Владелица замка «Темные пески». Страница 3
Затем она сделала мне легкий вечерний макияж, достав из потертого бархатного мешочка свои нехитрые принадлежности: лишь чуть подчеркнула острые скулы легкой пудрой цвета загара, нанесла на немного пухлые губы бальзам с едва уловимым розоватым оттенком, пахнущий медом и лавандой, а на черные ресницы – крошечную тушь, чтобы глаза, серо-голубые, как дымка над горами на рассвете, казались чуть выразительнее. Никаких ярких румян или помад – не в моем стиле, да и не к лицу. "И без того красавица", – неуклюже похвалила Мэри, отступая на шаг, чтобы оценить свою работу. В ее голосе слышалась неподдельная гордость – словно она готовила меня не к банальному приему, а к коронации.

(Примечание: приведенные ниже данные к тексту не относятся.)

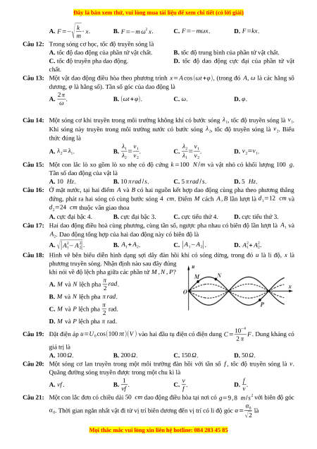 Câu 36: Một sóng hình sin lan truyền trên một sợi dây đàn

На шею я надела главную фамильную драгоценность – тяжелое золотое колье в виде гибкой ленты, украшенное крупными, глубокого василькового оттенка сапфирами в старинных кастах и мелкими бриллиантами, искрящимися холодным блеском. Металл был настолько старым, что потерял желтизну, приобретя благородный бледный оттенок. Колье ощущалось непривычно тяжелым и чужим, будто впивалось в кожу тонкими зубцами. В уши – серьги-гвоздики с такими же, чуть меньшими сапфирами, которые Мэри вставляла с осторожностью, боясь причинить мне боль.

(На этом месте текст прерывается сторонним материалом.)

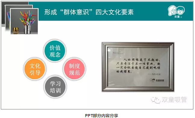 學(xué)習(xí)會進(jìn)行到最后,當(dāng)家人樓總說道:“其實形成好的習(xí)慣并不難,細(xì)節(jié)的東西,單就一件事情不難做,關(guān)鍵在堅持;簡單事情重復(fù)做就形成習(xí)慣,好的習(xí)慣逐漸形成就演變成了企業(yè)文化,久而久之就形成企業(yè)核心競爭力。其實是“細(xì)節(jié)”成就了“雙童”!”

Все, я готова. Можно спускаться по холодным каменным ступеням, по которым столетиями ступали ноги моих предков, оставивших в камне едва заметные углубления. Можно застыть на мгновение на пороге бального зала, где уже слышны приглушенные голоса и шелест шелков, собрать на губах улыбку – ту самую, светскую и безупречную, которую я так долго тренировала перед зеркалом – и притворяться, что я очень, очень рада их видеть. Ну просто счастлива, да. Как же иначе.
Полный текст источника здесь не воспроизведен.